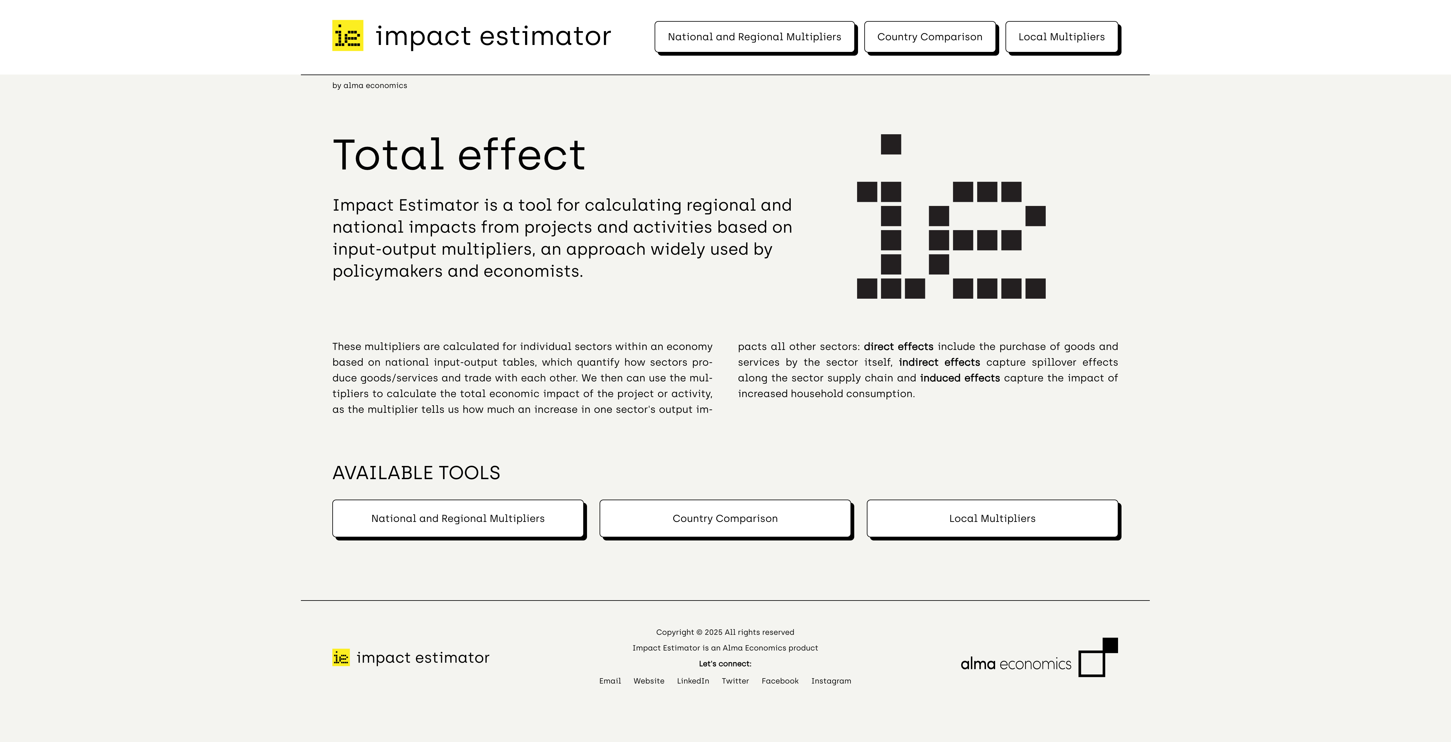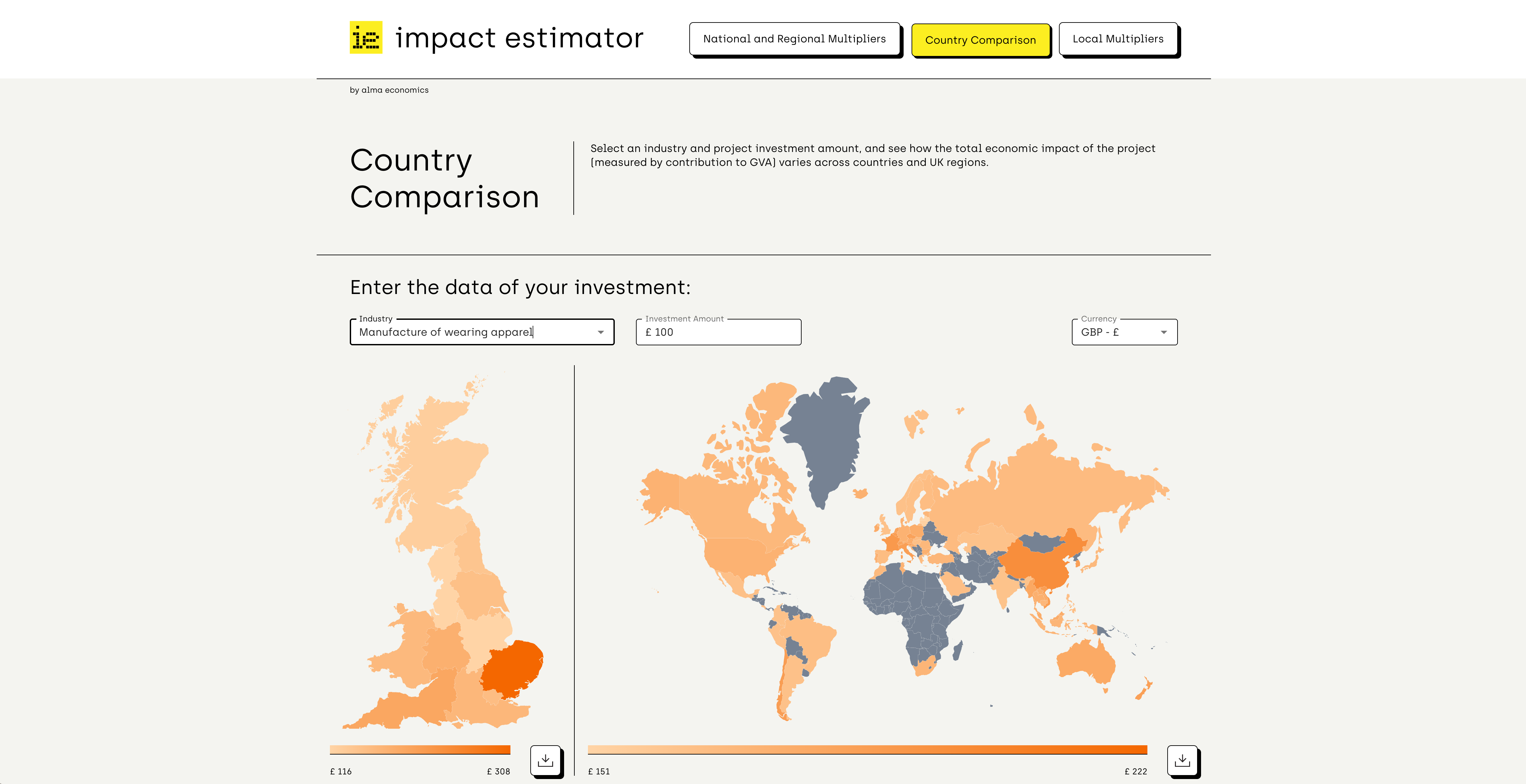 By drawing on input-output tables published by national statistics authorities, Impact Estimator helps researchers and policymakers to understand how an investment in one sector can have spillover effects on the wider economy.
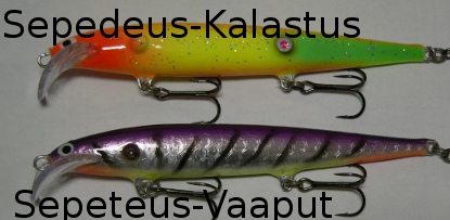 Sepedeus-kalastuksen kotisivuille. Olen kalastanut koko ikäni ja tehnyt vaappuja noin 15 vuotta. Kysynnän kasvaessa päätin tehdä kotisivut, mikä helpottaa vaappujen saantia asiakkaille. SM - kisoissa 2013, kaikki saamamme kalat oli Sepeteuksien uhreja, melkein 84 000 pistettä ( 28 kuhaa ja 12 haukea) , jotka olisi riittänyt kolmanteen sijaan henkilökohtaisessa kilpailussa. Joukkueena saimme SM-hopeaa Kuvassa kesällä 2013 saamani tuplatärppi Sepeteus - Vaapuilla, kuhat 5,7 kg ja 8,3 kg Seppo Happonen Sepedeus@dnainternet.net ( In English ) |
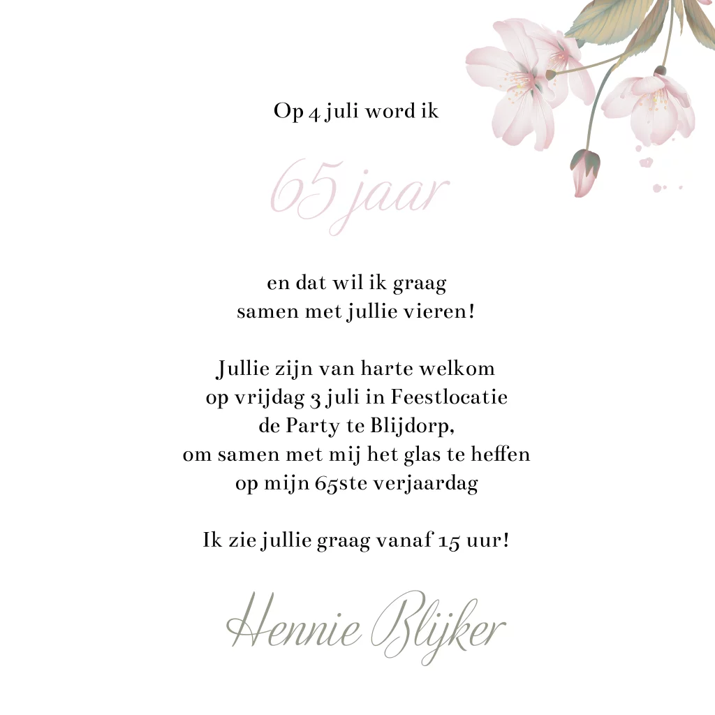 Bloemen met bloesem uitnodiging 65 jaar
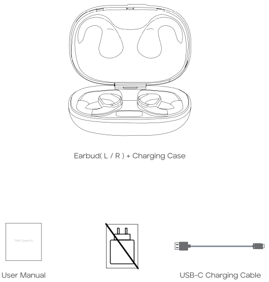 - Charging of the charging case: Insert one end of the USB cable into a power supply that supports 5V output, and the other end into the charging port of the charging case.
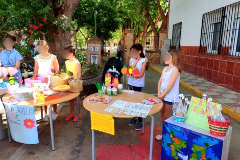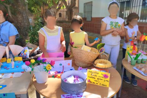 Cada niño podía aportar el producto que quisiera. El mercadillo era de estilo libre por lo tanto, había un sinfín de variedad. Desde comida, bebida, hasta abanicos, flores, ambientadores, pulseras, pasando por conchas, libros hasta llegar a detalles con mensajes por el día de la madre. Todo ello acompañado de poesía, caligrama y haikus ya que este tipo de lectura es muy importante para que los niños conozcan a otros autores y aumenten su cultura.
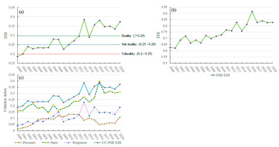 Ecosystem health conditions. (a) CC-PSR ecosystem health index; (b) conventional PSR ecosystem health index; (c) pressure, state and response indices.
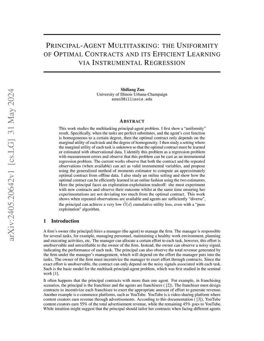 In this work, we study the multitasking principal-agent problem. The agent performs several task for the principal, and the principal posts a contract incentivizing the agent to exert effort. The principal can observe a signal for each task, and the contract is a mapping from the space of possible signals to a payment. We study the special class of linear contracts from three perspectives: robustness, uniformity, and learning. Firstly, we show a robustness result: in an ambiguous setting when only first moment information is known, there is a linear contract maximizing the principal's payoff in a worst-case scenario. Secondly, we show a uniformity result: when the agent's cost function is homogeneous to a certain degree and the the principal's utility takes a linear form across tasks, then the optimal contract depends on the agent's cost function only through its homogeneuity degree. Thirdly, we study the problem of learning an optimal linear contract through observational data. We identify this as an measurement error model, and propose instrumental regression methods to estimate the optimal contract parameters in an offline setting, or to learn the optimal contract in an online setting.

REQUIRED ACTION: Exact copy, pictures excluded: repeat the lines from the top of the material through the line with "Bloemen met bloesem uitnodiging 65 jaar".

YOUR RESPONSE:
 By drawing on input-output tables published by national statistics authorities, Impact Estimator helps researchers and policymakers to understand how an investment in one sector can have spillover effects on the wider economy.
 Sepedeus-kalastuksen kotisivuille. Olen kalastanut koko ikäni ja tehnyt vaappuja noin 15 vuotta. Kysynnän kasvaessa päätin tehdä kotisivut, mikä helpottaa vaappujen saantia asiakkaille. SM - kisoissa 2013, kaikki saamamme kalat oli Sepeteuksien uhreja, melkein 84 000 pistettä ( 28 kuhaa ja 12 haukea) , jotka olisi riittänyt kolmanteen sijaan henkilökohtaisessa kilpailussa. Joukkueena saimme SM-hopeaa Kuvassa kesällä 2013 saamani tuplatärppi Sepeteus - Vaapuilla, kuhat 5,7 kg ja 8,3 kg Seppo Happonen Sepedeus@dnainternet.net ( In English ) |
 Bloemen met bloesem uitnodiging 65 jaar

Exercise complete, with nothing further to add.